What I put in bold is key.  The Russian-backed Pres is NOT saying that there are no Chechen "militant groups" in Afghanistan (or "beyond Chechnya").  He is simply saying that they don't have the capability of mounting large-scale attacks.  That is all.


----------



## KevinB (26 Sep 2007)

Uhm I beg to differ about no Chechen's PUC'd


----------



## Mortar guy (26 Sep 2007)

This guy is an a$$ hat pure and simple. I'm not sure what his credentials are as a "security consultant" or "expert" but he clearly hasn't read many of the OSINT sources available regarding foreign fighters in Afghanistan.

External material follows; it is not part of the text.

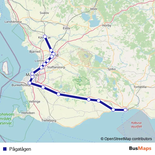 See why over 2 million users trust and consider busmaps.com as the best public transport website. busmaps gives you Malmoe Rail Services suggested routes, real-time bus tracker, line route maps in Malmoe, and helps to find the closest Pågatågen rail stops near you. No internet available? Download an offline PDF map and bus schedule for the Pågatågen rail to take on your trip.

Read _Inside Al Qaeda_ by Rohan Gunaratna, _The Looming Tower_ by Lawrence Wright, _Taliban_ by Ahmed Rashid or any of the following articles:

http://www.csmonitor.com/2002/0326/p06s01-woeu.html
http://muslimvillage.net/story.php?id=370
http://www.stratfor.com/products/premium/read_article.php?id=251023

In addition to Chechens, there are also reports of Syrians, Algerians, Egytians, Saudis, Yemenis, Sudanese, and of course Pakistani fighters traveling to Afghanistan to fight. 

What's this guy's agenda?

MG


----------



## TCBF (26 Sep 2007)

He is probably fishing for OPSEC. 

His handlers want to know how NATO I.D.s Taliban bodies and so on.

Tell him nothing.


----------



## Greymatters (26 Sep 2007)

The way the article is written, it sounds like the guy based all his conclusions on OSINT sources, and not very reliable ones at that.


----------



## KevinB (26 Sep 2007)

HUASINT


----------



## RHFC_piper (26 Sep 2007)

TCBF said:
			
		

> He is probably fishing for OPSEC.
> 
> His handlers want to know how NATO I.D.s Taliban bodies and so on.
> 
> Tell him nothing.



I have to agree... 

IMO; Been there, seen what I've seen, and I'm not going to fuel the fire of speculation by passing on OPSEC information.  
But, with that said; are there foreign fighters in AFG; YES! a lot of them... they're the ones who like the head on fights.  All they have to lose it their own life and all they want to do is kill infidels (or get paid).  Most of the Afghan "fighters" I saw had families, some of whom have been killed or injured, or their livestock/land has been destroyed by "westerners", or they're just pissy at us for what ever reason... either way, they had the habit of coming to the road (or position we were in), firing some small arms and RPGs and trying to run away before the 25s could return fire.   They had lots to lose... like family.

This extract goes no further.